Настя Терлецкая тогда захотела в «Макдоналдс».
Рассказывая о Насте в свой день рождения, Лида надеялась собрать деньги на продолжение ее лечения. И вот в нескольких московских офисах устанавливаются ящички для пожертвований, школьники пекут печенье для ярмарок, в пользу Насти идет дневная выручка одной из пекарен, коробочки с ее именем ставят в маленьких семейных кафе, а в антракте одного из камерных театров продают бумажных ангелов, которых кто-то вырезает всю ночь накануне… Но деньги не помогли.
Спустя год, в своем традиционном посте в день рождения, Лида расскажет, что для Насти Терлецкой собрали четыре миллиона рублей и благодаря этим деньгам она могла бы лечиться от рака, но случился рецидив. Девочка умерла в хосписе. Настина мама перевела все деньги в детский хоспис, сняла комнату в коммуналке в Мытищах и пришла на работу в выездную службу «Дома с маяком». «Я сидела и держала Настю за ногу. Этот день навсегда останется перед глазами, – напишет Лида. – Я с тех пор не дружила и вряд ли уже подружусь так близко с кем-то из детей».
Лида пока просто не знает, скольких еще сможет вместить.
На память о Насте остается видеоролик: широко улыбающаяся, большеглазая девочка в шерстяной шапочке на лысой голове покидает палату хосписа, чтобы еще немного пожить, а Лида, растроганные медсестры и местные постояльцы провожают их с мамой за медленно закрывающуюся дверь.
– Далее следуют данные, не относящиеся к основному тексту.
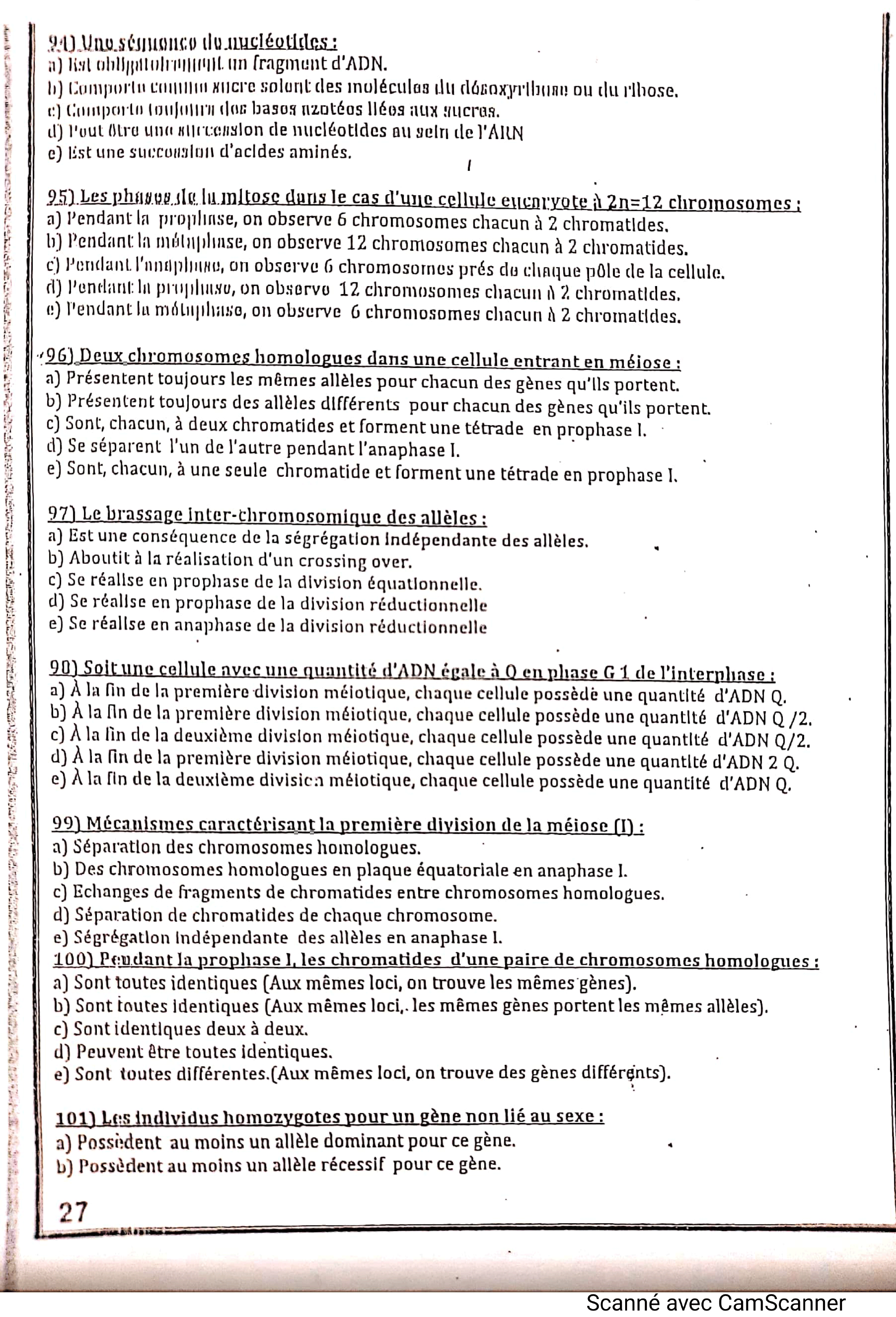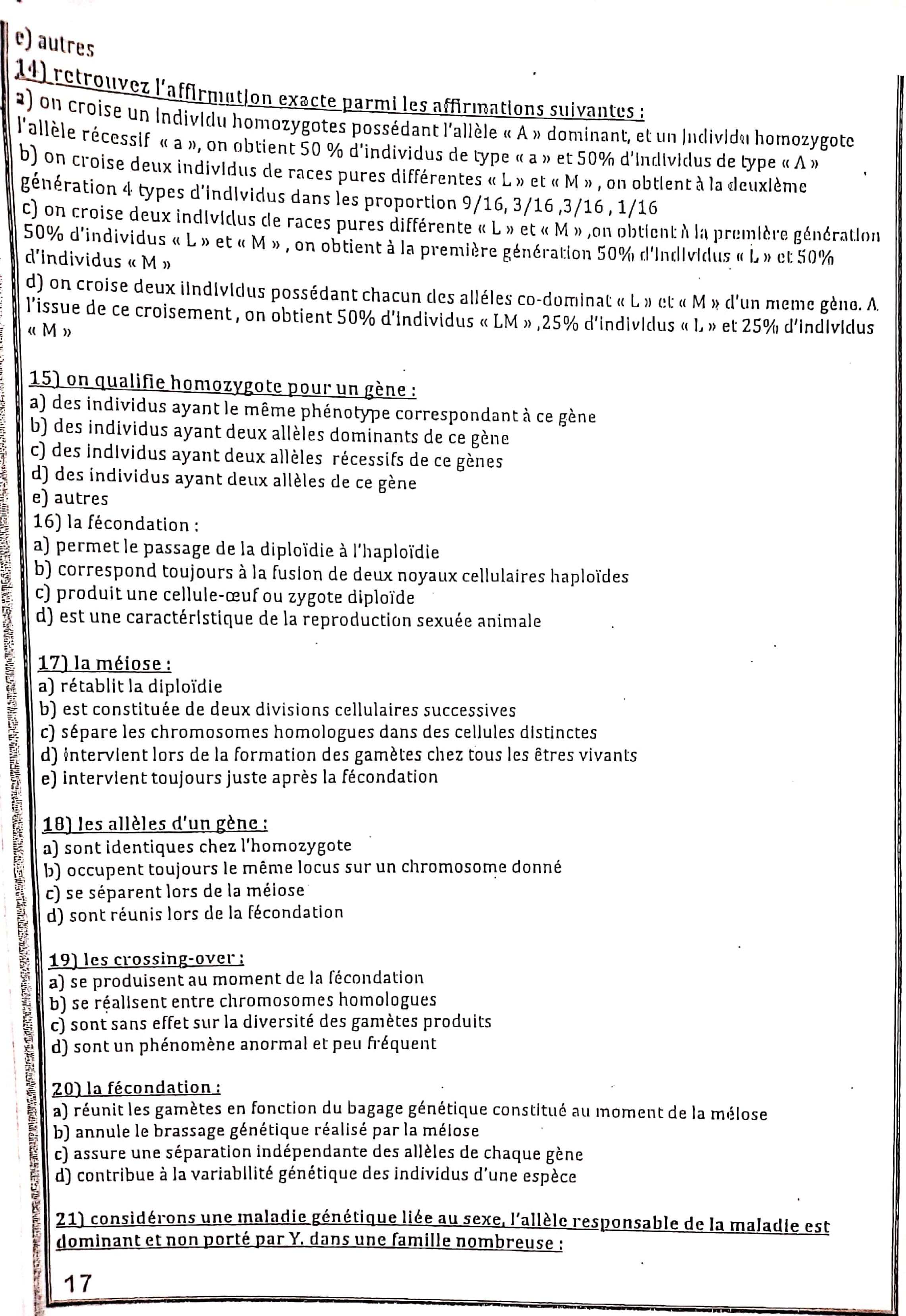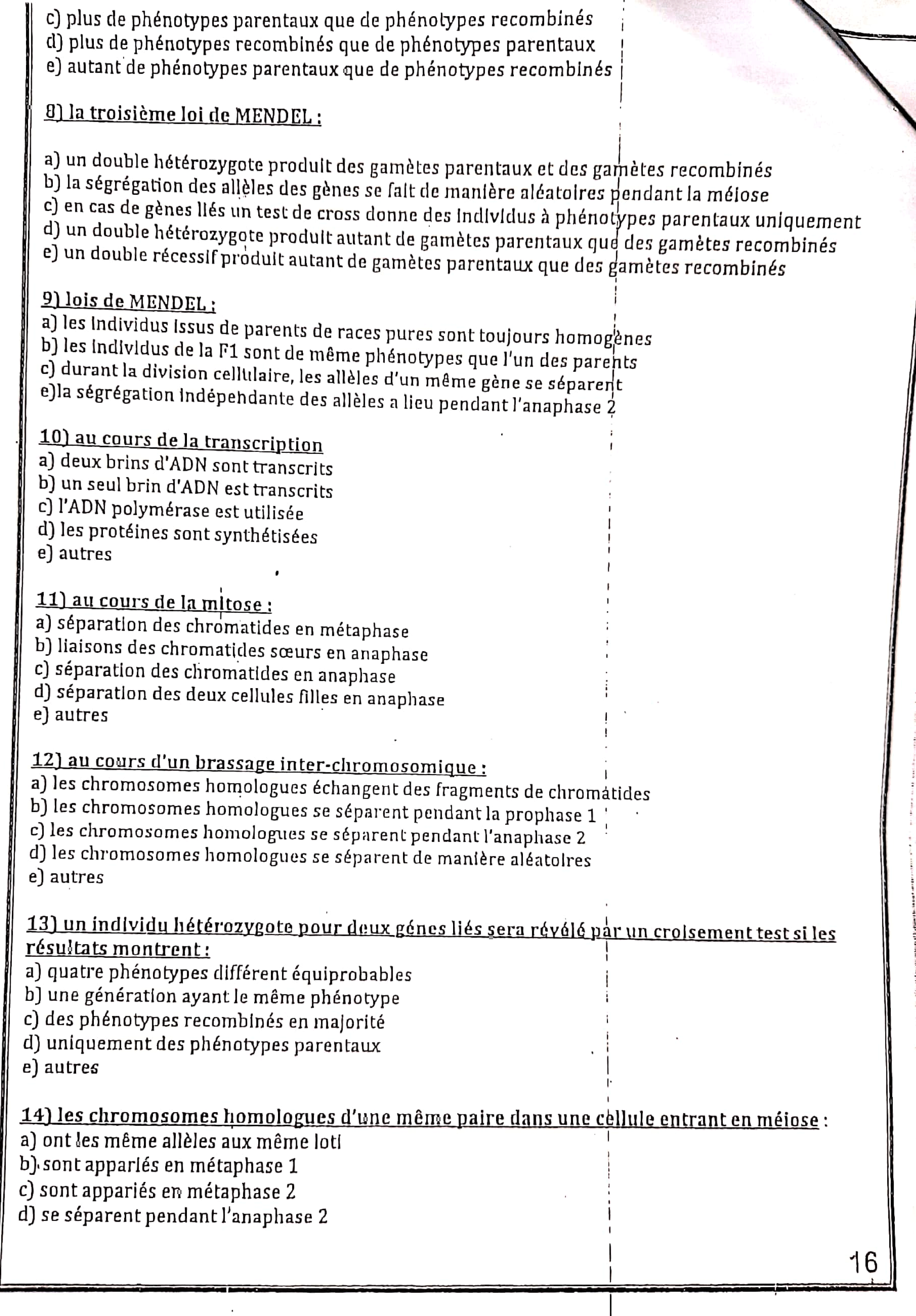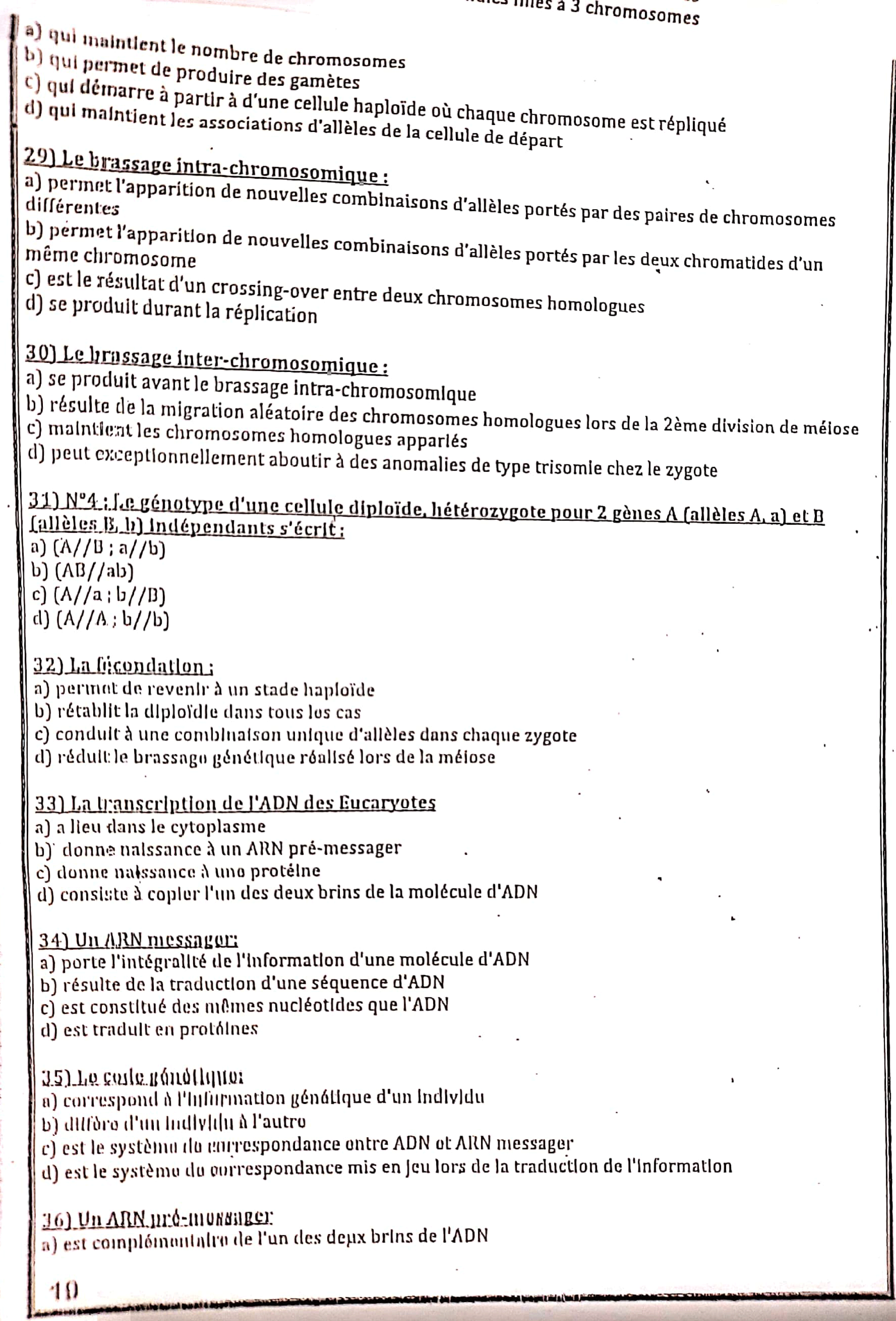 Abibou Bonjour à tous ! Je vous propose un ensemble de questions d’entraînement pour la composante SVT du concours de médecine (SCM). Ces questions sont soit basées sur des sujets précédents, soit conçues pour imiter le format et le niveau des épreuves officielles. L’objectif est de s’exercer sur des types de questions similaires afin de mieux se préparer pour le concours. ⚠️ La correction n’est pas fournie. Bon entraînement et bonne chance à tous !

«Лида всегда звонила, писала и приходила сама, – вспоминает о Лиде тех лет мама Маржаны. – Первое, что поразило меня, – это ее деликатность и скромность. Она старалась минимально беспокоить, очень бережно к нам относилась. Она сразу начинала действовать, ведь счет на часы. Эта помощь освободила меня для дочери, я наконец смогла уделять внимание ей, а не решению проблем. Поддержка была такой мощной, что мы успокоились и почувствовали себя сильнее, а мир вокруг стал лучше. Все, что Лида предлагала и говорила, оказалось правильным. Я тогда не со всем соглашалась, а теперь понимаю, что зря. У нее опыт, а мамы всегда новички на грани срыва. В хосписе работают высокопрофессиональные специалисты с большим сердцем, это редкостное сочетание. Там нет закона джунглей. Там и не пахнет смертью, они делают оставшуюся жизнь как можно лучше и не боятся быть рядом до конца».
Волонтеры, помнившие Лиду по первым годам ее деятельности, назовут ее «ребенком, завороженным смертью». Амина, мама Маржаны, добавит в это определение важное обстоятельство: это смерть, столкнувшаяся с законом джунглей. Как когда-то Галя Чаликова, умевшая видеть хорошее в каждом человеке, обустраивала «уютную норку» гуманистической реальности в зоне ракового кошмара, так сейчас Лида Мониава пытается приручить смерть.
И сделать ее хорошей.
Глава 8. Слушать и обнимать
Детский хоспис делает людей лучше.
Оксана Попова, мама Ани
В паллиативной помощи главное – слушать. И обнимать.
Дима Ястребов, руководитель отдела нянь «Дома с маяком»
Раз в день из комнаты, которую занимает в ПМХ детская паллиативная служба фонда «Вера», выходит темноволосая девушка и прикуривает темную сигарету Captain Black. На дворе начало десятых годов, много ответственности, но и многое уже удается сделать: соцсеть Лиды Мониава набирает обороты, и, по сути, читатели одного блога финансируют стремительную раскрутку целого направления в медицине, которого раньше в стране практически не было.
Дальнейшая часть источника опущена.